Executive Coaching and How to Acquire Influence
September 6, 2016 by Bill Rosenthal

“I don't want any yes-men around me. I want everybody to tell me the truth even if it costs them their jobs.” This remark is attributed to the legendary Hollywood producer Samuel Goldwyn. It highlights the fundamental paradox of organizational advancement: as you advance, feedback on your performance grows more important to the organization. At the same time, that feedback grows less reliable.                   

At the very top of the organization, the CEO is typically surrounded by people who believe their jobs depend on telling the CEO what he wants to hear. It doesn’t matter whether it’s true; if they believe it, it must reduce the real value of their advice. We understand this better today than they did in Samuel Goldwyn’s day, and we try to offset it with executive coaching. 

At Communispond, we offer executive coaching as a kind of intervention. We believe effective executive leadership depends on excellent communication skills, and we can work with an executive one-to-one to help her gain those skills. An organization, or a career, can benefit when an expert in communication skills evaluates an executive’s ability and develops a program to fill in gaps and then delivers that program one-on-one over a defined number of sessions.

If we’d had the chance to coach Samuel Goldwyn, we — as outsiders — would have been in a position to tell him the truth that he claimed to crave. Then we would have shown him how to surround himself with the kind of people who would tell him the truth. The key is listening skills. These are skills that I suspect Samuel Goldwyn lacked. (He is also reputed to have said, “I'm willing to admit that I may not always be right, but I am never wrong.”)

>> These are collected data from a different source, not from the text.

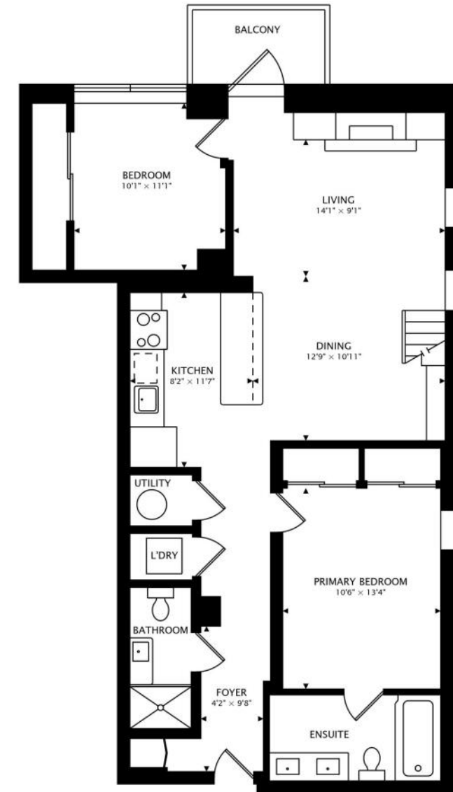
MAIN 1142 sq ft + 43 sq ft BALCONY
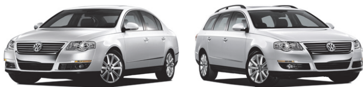
Sedan and Wagon
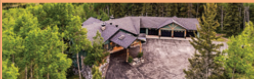
309 Wild Rose Close

5 Bed, 5.5 Bath | Mountain Vistas | 6,300 sqft
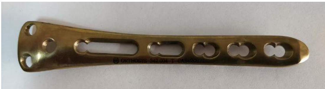
Cat No: 342.002T/342.002 - 342.008T/342.008 Posterior Medial Proximal Tibia Plate 3.5 mm LCP (TiT/SS)- (2 -8 Holes)
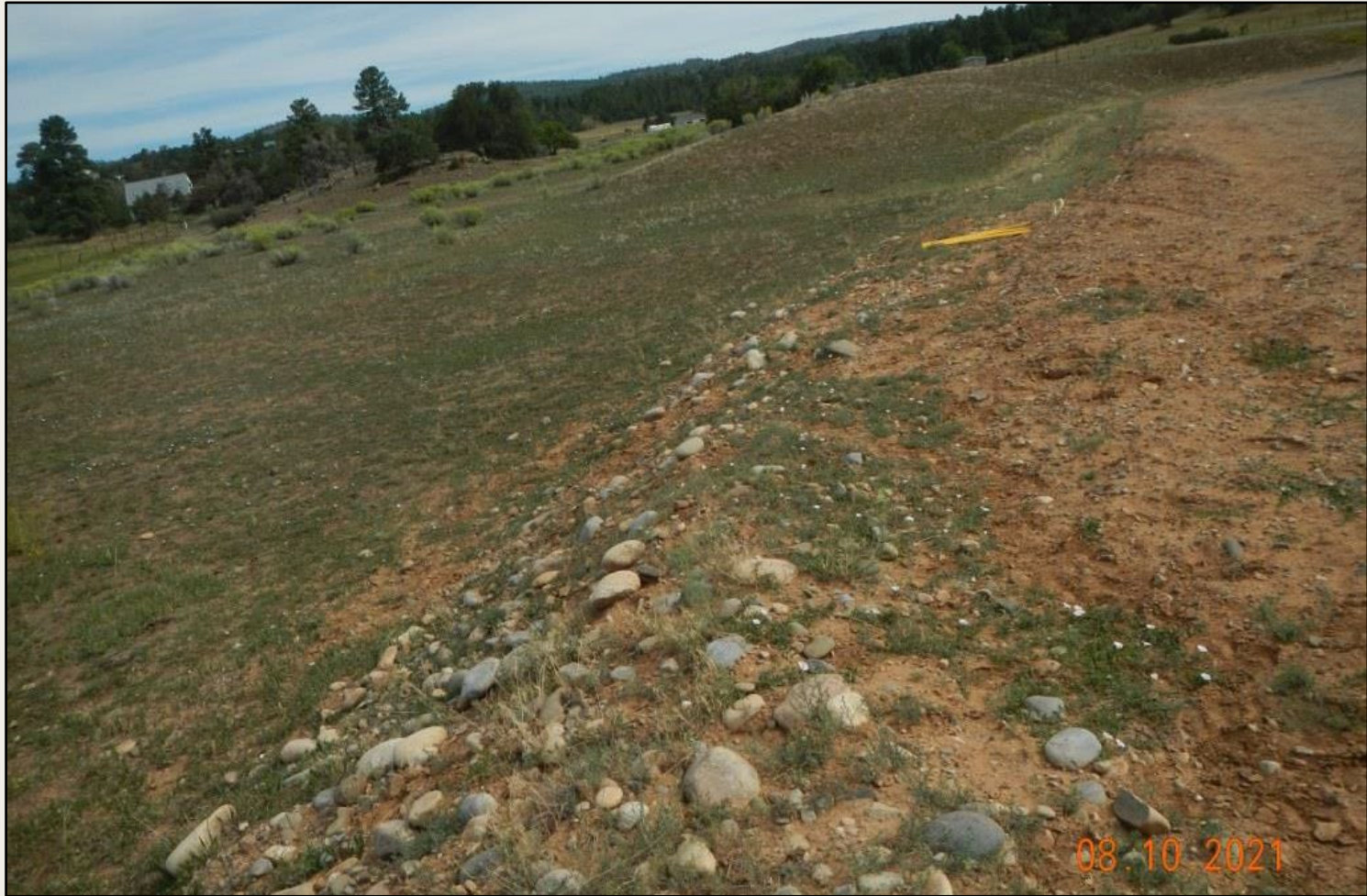
Photo 4. View of the western project area from the southwestern corner facing northward.
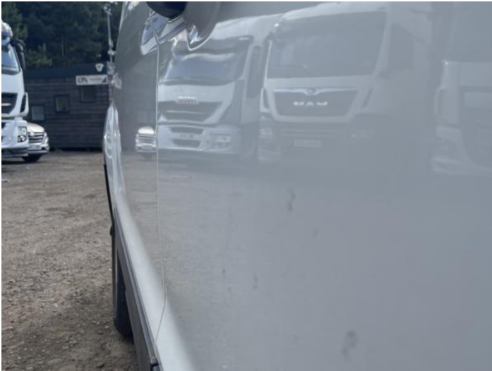
3: Door osf Dented 2 Or Less UpTo 10mm
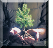
Living Memorial® Program
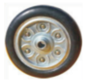
Solid Rubber Tyre Round Shape Wheel
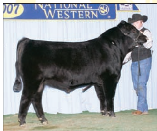
►Reserve late winter calf champion, PF 2445 Midland 6007 , by Polard Farms LLC, Enid, Okla.
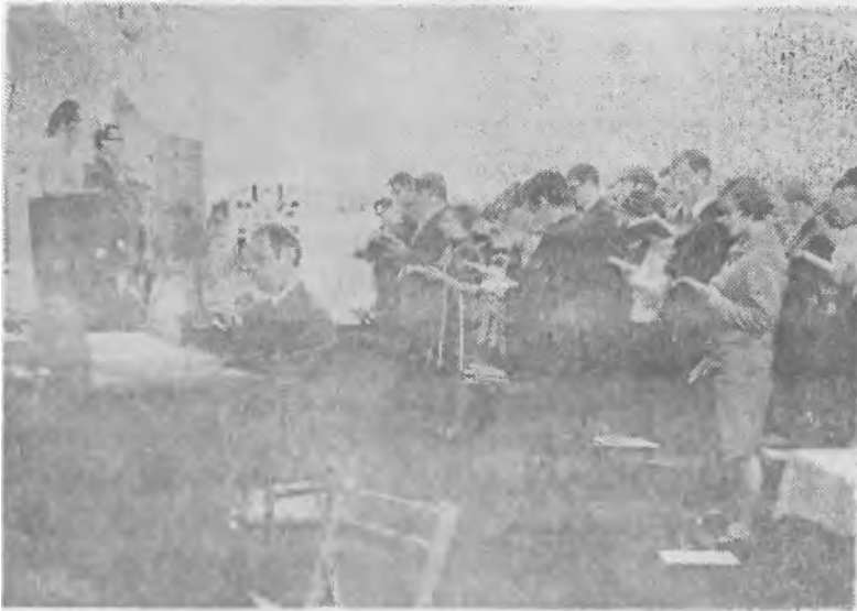
Second Annual European Conference, Essen, Germany In the Meeting Hall

more and more aware of the "signs of the time" so that from this point of view I have good possibilities to start a discussion. I could talk with many young girls and boys either on the street or in groups or at home, and feel happy about every positive conversation and every sign of confidence, because confidence is most important for winning people. There are especially three
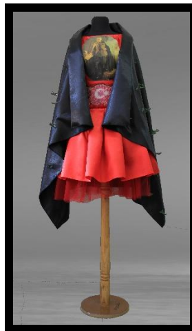
Photo 8. Atatürk and Republic theme dress
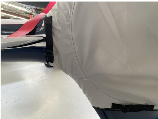
Guimbal Cabri G2 Tailfan Housing Fenestron Cover
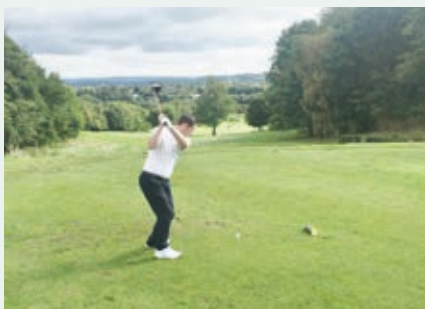
The Ron Brunton Inter Lodge Trophy Played at Thornbury Golf Club Friday 15th September 2017

O n what was to prove an overcast, but warm day, 20 players from 9 lodges from within the Province of Bristol competed for the coveted Ron Brunton Inter Lodge Golf Trophy – the third year that this competition had been held.
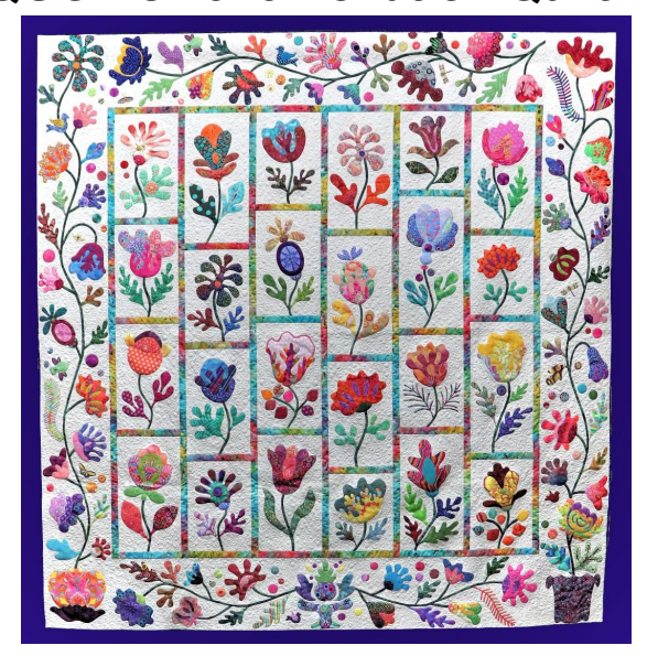
"Friends in My Garden" 83" X 91"

Donation quilt tickets are on sale; $1 each or 6/$5
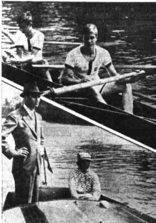
Following the race from an official launch, Mrs. Roosevelt saw a Groton crew captained and stroked by her third son, Franklin, Jr., win by two lengths in a race with Belmont Hill school on the Nashua river near Groton, Mass. Franklin is shown above at his oar. Below are Mrs. Roosevelt and her son James.
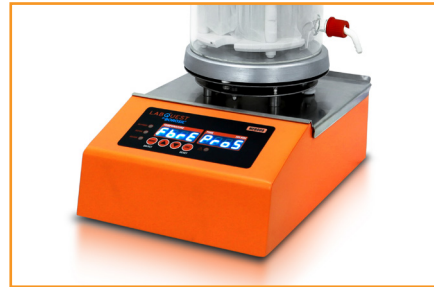
Controlled Heater Setup
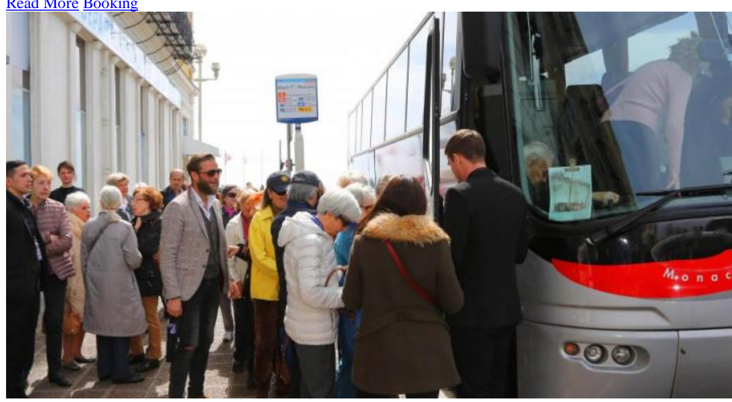
Surprise Trip! - from Monaco Sunday 24 March - 13h30 -Read More Booking
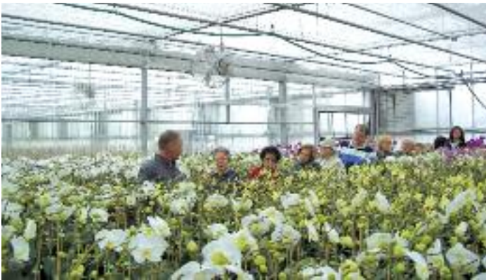
Bianchi-Davis Orchid Tour
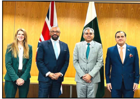
LONDON: Federal Minister for Interior Mohsin Naqvi in a group photo with Home Secretary of UK James Cleverly.

On May 15, the government had announced a welcome reduction in petrol and HSD prices for a fortnight by Rs15.39 per litre and Rs7.88 per litre, respectively.
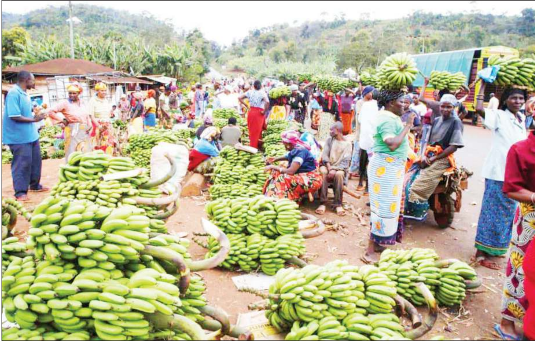
It's bananas in abundance at Mamsera open market in Rombo District, Kilimanjaro Region, as captured yesterday.
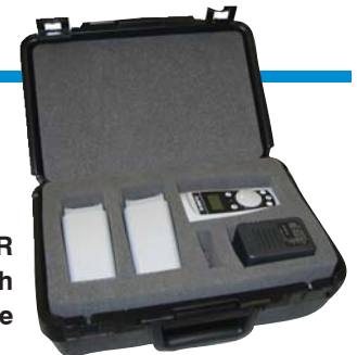
Optional DT-900-PR Professional Kit with Included Case

Most people cannot resist talking to a good listener, and the harder you listen, the more they talk — and the more truthful they become. In addition to being a useful way to gather information, listening creates influence, because people tend to trust people who listen to them. It is probably the behavior we would have focused on with Samuel Goldwyn. But if you came to us for executive coaching, we might focus on something else. We would study you carefully and determine the portfolio of behaviors you most need to master in order to exercise influence. I have written in this blog many times about those behaviors — here, most recently.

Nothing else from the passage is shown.